Tagging DBA for feedback regarding whether its okay to be expanding the cu_changes table

Tagging DBA for feedback regarding whether its okay to be expanding the cu_changes table

See updated task definition. The additional rows may not be that many.

Tagging DBA for feedback regarding whether its okay to be expanding the cu_changes table

See updated task definition. The additional rows may not be that many.

Not sure how large the table currently is, but adding 30,000 rows should probably be looked at by DBA first

Tagging DBA for feedback regarding whether its okay to be expanding the cu_changes table

See updated task definition. The additional rows may not be that many.

Not sure how large the table currently is, but adding 30,000 rows should probably be looked at by DBA first

I am not debating that; just indicating it may be an easy "yes" by DBA.

Also, note that it is not 30K additional rows, but rather 90K (because of retention policy of 3 months).

I am guessing enwiki has tens of millions of rows in cu_changes (given their 5 million edits per month + other logs). For wikidata it is probably in the order of hundreds of millions of rows (given their 20 million edits per month).

In T247540, Reedy indicated that the table has about 60,000,000 rows on wikidata and 10,000,000 on enwiki.

Marostegui subscribed.

From what I can see these are the number of rows on cu_changes:
enwiki: 18305102
commons: 24673959
wikidata: 67864207

So the numbers you provided (ie: 30k, 2k) those are the extra rows per month + and then we have to apply a 3 months retention policy?
After those 3 months we'll clean up those rows?

From what I can see these are the number of rows on cu_changes:
enwiki: 18305102
commons: 24673959
wikidata: 67864207

So the numbers you provided (ie: 30k, 2k) those are the extra rows per month + and then we have to apply a 3 months retention policy?
After those 3 months we'll clean up those rows?

Yes, that is believed to be the db impact of such logging

So as long as we use the normal methods to delete stuff (small batches, wait for replication etc) I think we should be fine.
Considering the sizes of the tables, the % of additional rows (including the retention policy) is 0.5% on enwiki and 0.01% on wikidatawiki.

Let's please make sure the purging works as expected to avoid the table getting out of control.

Change 596998 had a related patch set uploaded (by DannyS712; owner: DannyS712):
[mediawiki/extensions/Thanks@master] ApiThank: Send thanks logs to checkuser when extension is enabled

https://gerrit.wikimedia.org/r/596998

Change 596998 merged by jenkins-bot:
[mediawiki/extensions/Thanks@master] ApiThank: Send thanks logs to CheckUser when extension is enabled

https://gerrit.wikimedia.org/r/596998

So as long as we use the normal methods to delete stuff (small batches, wait for replication etc) I think we should be fine.
Considering the sizes of the tables, the % of additional rows (including the retention policy) is 0.5% on enwiki and 0.01% on wikidatawiki.

Let's please make sure the purging works as expected to avoid the table getting out of control.

Okay, the patch has merged.

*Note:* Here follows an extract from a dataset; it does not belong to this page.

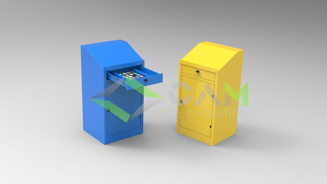 Realizzata in lamiera verniciata a polvere , questa consolle possiede un cassetto estraibile in cui è stato ricavato un vano dove riporre un tablet di dimensione 400×250.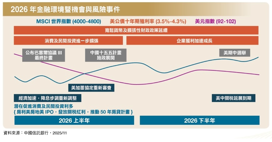 展望2026年,中國信託銀行認為,儘管2026年初預期將受到2025年遺留的雜音如利率決策、經濟數據疲軟、AI估值疑慮、關稅判決等干擾,但是,全球經濟可望延續溫和成長步調,股債市場表現有望延續,因為寬鬆貨幣政策的傳導效果將逐步顯現,通膨趨穩亦為各國財政擴張提供更大空間。另一方面,AI算力競賽仍在加速,企業資本支出維持高速成長,電力與儲能產能吃緊,AI應用持續向各產業滲透,有望進一步推升製造循環的復甦力道。

Should we leave this open for monitoring of the table size for the next 90 days?

Which wikis have it currently enabled?

Which wikis have it currently enabled?

All wikis with CU and thanks - there is no feature flag

I just used User:T255506 to thank myself on fawiki and then I ran a check on that user. The check returned no results for the past 7 days.

Looking at Special:Version on fawiki, Thanks is on 895bb0b99d1b940 which is the June 29th branch. The patch was merged on July 3rd so it has not reached the Wikipedias. Let's keep this open until we verify it worked on the Wikipedias. After that, I think we should close this but open a new task for monitoring DB size. We should define the definition of done for that new task. Are we going to monitor indefinitely? for a few weeks? months? Are we going to take specific actions if we notice the DB size is growing too fast (which is unlikely)? How often are we going to pull row counts from the DB? Are we going to look at total row count, or just count of rows from Thanks? They all need to be define in the new task. @DannyS712 do you want to create it?

I just used User:T255506 to thank myself on fawiki and then I ran a check on that user. The check returned no results for the past 7 days.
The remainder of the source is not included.